Nakamura M, Takeshita A, Nose Y
Circulation. 1987 Jun;75(6):1110-6. doi: 10.1161/01.cir.75.6.1110.
A total of 349 patients with vasospastic angina were followed in eight centers in Japan for a period of 3.4 +/- 0.1 years (mean +/- SE). Ninety-eight percent of patients were treated with calcium blockers. Twenty-one episodes of myocardial infarction occurred in 18 patients (5%), including two fatal myocardial infarctions. The rate of myocardial infarction was higher (p less than .01) in patients with a fixed stenosis of 90% or greater than in patients with a fixed stenosis of less than 90% or normal coronary arteries. Myocardial infarctions occurred predominantly during hospital stays or at a time when the frequency of vasospastic angina increased. There were five sudden deaths (2%). Only one patient suffering sudden death had a fixed stenosis of 75% or greater. Serious arrhythmias were noted in 49 patients (14%). The risk of arrhythmias did not depend on the presence of a fixed stenosis of 75% or greater. These results suggest that cardiac events are rather infrequent in Japanese patients with vasospastic angina who are receiving treatment with calcium blockers and that the presence of a severe fixed stenosis markedly increases the risk of myocardial infarction but not the risk of arrhythmias.

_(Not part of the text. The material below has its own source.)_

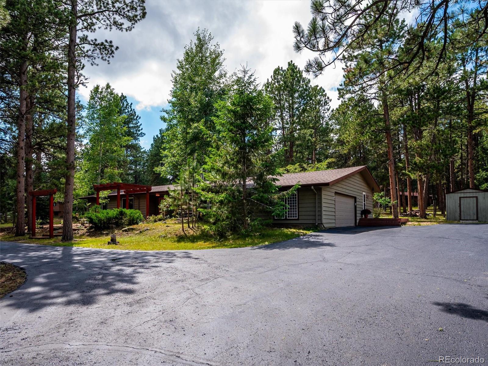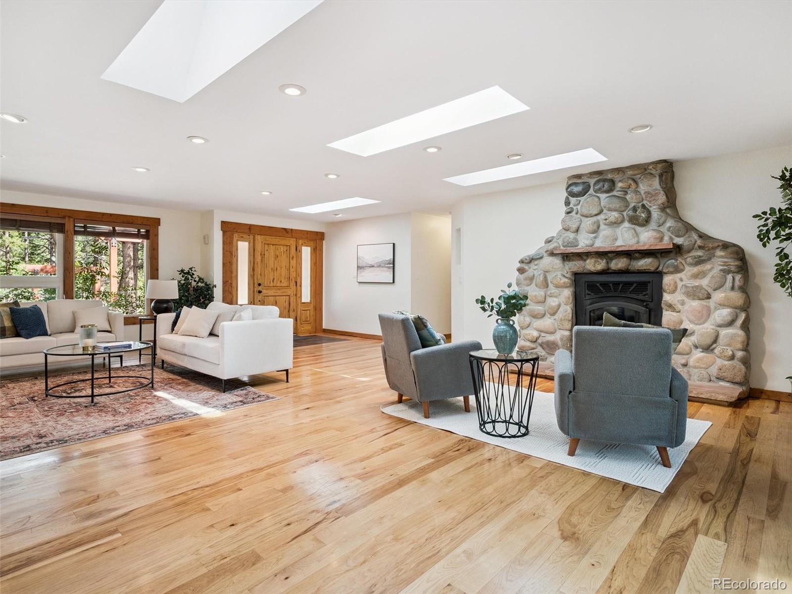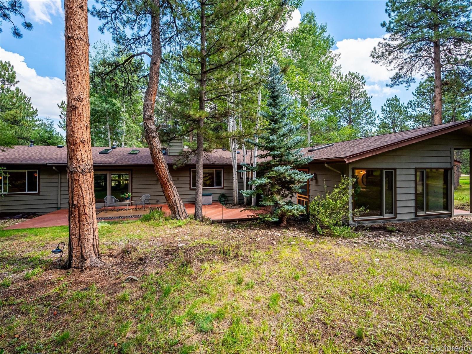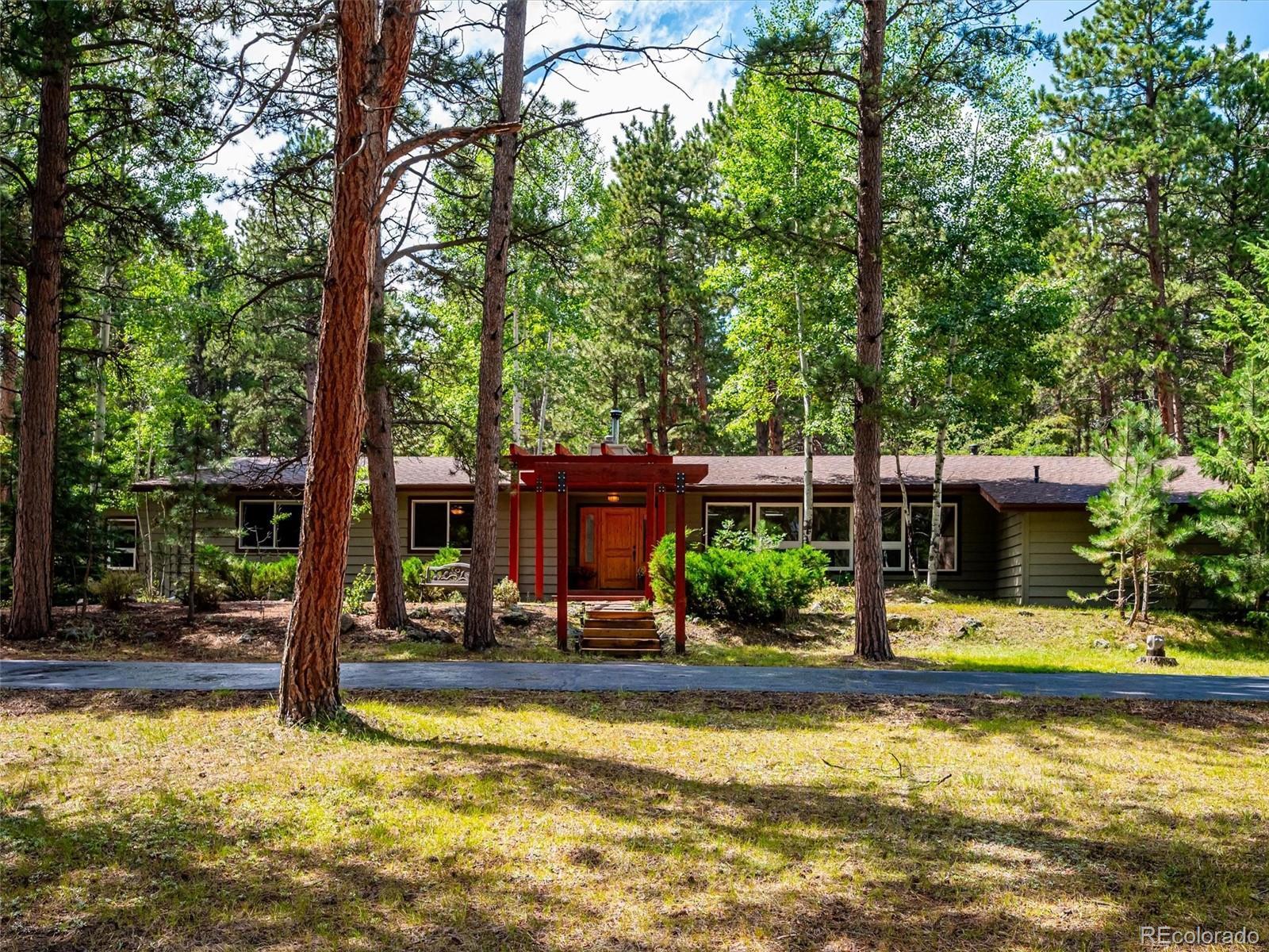 A rare one level property for true main floor living. This 1970’s home was enhanced with a large addition that includes a spacious pA rare one level property for true main floor living. This 1970’s home was enhanced with a large addition that includes a spacious primary suite, 5 piece primary bathroom, office, exercise area and adjacent laundry room. Four bedrooms with 3.5 bathrooms includes an ensuite guest bedroom while the remaining 2 bedrooms have a full bathroom to share. For convenience there are two locations for laundry, one within the primary suite and the other for the remaining guests/family members. Hardwood floors encompass the fireplace sitting area, living room, kitchen and formal dining room. The kitchen features a double oven, cook-top, ample cabinetry, granite countertops, island, and a built-in sideboard in the adjacent eating space. The layout opens to the stone fireplace sitting area that has access to the outdoor patio for easy entertaining. Many windows throughout the home allow the Colorado outdoors to be a part of your everyday living including the sightings of our beloved deer and elk. This property is complete with an oversized two car garage, easy circular driveway, flat useable yard, and paved county-maintained roads. Conveniently located to schools, shopping, DTC and DIA. Zoned SR-2 so you could build an auxiliary unit. New roof 2025, new hot water heater, updated electric, plumbing repaired and crawl space being sealed with proper ventilation, along with a great producing well. All receipts and inspection available with offer. Link for HOA governing documents https://www.emha.us/governing-docs

日本八个中心对349例变异性心绞痛患者进行了为期3.4±0.1年(均值±标准误)的随访。98%的患者接受了钙通道阻滞剂治疗。18例患者(5%)发生了21次心肌梗死,其中包括2例致命性心肌梗死。固定狭窄达90%或以上的患者心肌梗死发生率高于固定狭窄小于90%或冠状动脉正常的患者(p<0.01)。心肌梗死主要发生在住院期间或变异性心绞痛发作频率增加时。有5例猝死(2%)。仅1例猝死患者存在75%或以上的固定狭窄。49例患者(14%)出现严重心律失常。心律失常的风险并不取决于是否存在75%或以上的固定狭窄。这些结果表明,接受钙通道阻滞剂治疗的日本变异性心绞痛患者心脏事件相当少见,严重固定狭窄的存在显著增加心肌梗死风险,但不增加心律失常风险。